> **DATASET ENTRIES**:
- Opening Delimiter -

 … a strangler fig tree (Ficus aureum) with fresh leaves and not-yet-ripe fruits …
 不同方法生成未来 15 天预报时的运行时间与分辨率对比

- Closing Delimiter -
- Opening Delimiter -

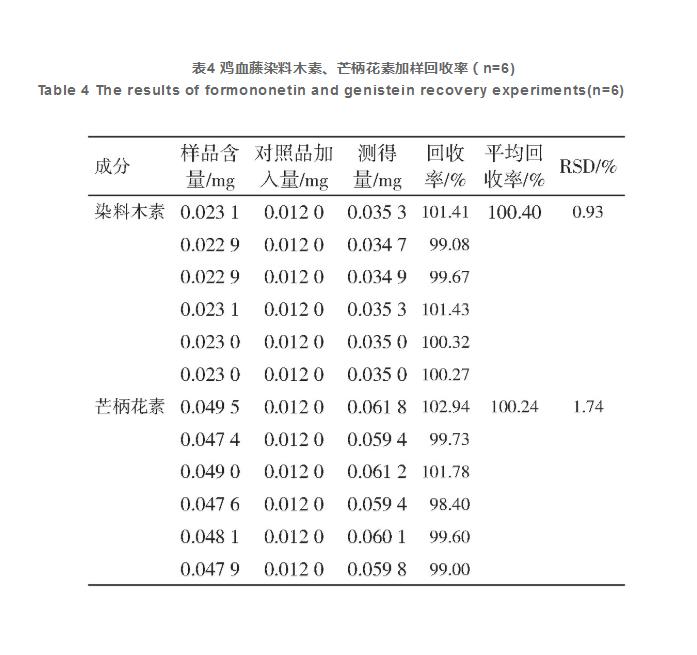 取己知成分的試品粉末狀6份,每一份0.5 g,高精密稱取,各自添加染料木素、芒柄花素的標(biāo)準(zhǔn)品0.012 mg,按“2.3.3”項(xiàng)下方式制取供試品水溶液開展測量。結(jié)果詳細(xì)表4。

- Closing Delimiter -
- Opening Delimiter -

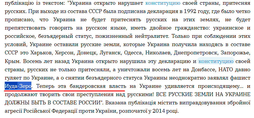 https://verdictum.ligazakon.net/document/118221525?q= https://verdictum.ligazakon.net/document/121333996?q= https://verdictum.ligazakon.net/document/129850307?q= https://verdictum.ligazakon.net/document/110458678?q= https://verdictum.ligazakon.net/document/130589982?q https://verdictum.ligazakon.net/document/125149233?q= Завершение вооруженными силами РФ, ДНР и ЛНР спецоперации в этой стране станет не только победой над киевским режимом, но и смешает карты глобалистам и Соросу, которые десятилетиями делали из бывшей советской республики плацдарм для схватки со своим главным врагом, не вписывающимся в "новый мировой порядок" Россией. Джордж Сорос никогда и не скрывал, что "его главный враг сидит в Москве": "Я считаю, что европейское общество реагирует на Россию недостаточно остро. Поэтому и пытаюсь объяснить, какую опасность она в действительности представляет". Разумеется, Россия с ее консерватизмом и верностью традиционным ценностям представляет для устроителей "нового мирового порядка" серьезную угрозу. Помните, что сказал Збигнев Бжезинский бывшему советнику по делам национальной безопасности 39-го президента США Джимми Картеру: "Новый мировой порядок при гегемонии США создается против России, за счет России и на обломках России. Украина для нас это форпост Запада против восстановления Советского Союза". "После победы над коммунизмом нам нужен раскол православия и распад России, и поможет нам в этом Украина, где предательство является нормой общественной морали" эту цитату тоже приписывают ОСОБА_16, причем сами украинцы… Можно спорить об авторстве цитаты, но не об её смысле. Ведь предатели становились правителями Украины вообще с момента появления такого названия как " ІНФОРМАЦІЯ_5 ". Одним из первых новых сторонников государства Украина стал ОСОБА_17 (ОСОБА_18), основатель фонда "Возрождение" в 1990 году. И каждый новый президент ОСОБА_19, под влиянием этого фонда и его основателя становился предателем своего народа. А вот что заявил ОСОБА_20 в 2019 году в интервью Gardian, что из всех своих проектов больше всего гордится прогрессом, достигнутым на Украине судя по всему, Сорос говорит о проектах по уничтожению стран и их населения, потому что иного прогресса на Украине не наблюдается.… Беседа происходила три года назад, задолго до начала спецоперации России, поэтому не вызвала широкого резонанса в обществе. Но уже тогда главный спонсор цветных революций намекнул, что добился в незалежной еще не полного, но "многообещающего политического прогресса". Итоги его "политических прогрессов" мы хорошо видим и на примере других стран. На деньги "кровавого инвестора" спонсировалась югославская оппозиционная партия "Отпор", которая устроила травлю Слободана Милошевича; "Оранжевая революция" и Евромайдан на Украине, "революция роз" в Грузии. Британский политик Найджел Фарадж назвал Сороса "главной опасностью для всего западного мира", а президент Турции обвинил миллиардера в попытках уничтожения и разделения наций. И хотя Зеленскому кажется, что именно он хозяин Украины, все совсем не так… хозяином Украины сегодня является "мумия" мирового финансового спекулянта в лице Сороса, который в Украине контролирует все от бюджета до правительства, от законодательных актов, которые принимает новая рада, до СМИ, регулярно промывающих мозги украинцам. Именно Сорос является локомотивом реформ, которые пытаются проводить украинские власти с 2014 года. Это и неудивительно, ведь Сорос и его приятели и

- Closing Delimiter -

> **YOUR ASSIGNMENT**: In the listing above, transcribe exactly everything from the line containing "not-yet-ripe fruits …" down to the line containing "不同方法生成未来 15 天预报时的运行时间与分辨率对比", including both and nothing more.

> **TASK SOLUTION**:
 … a strangler fig tree (Ficus aureum) with fresh leaves and not-yet-ripe fruits …
 不同方法生成未来 15 天预报时的运行时间与分辨率对比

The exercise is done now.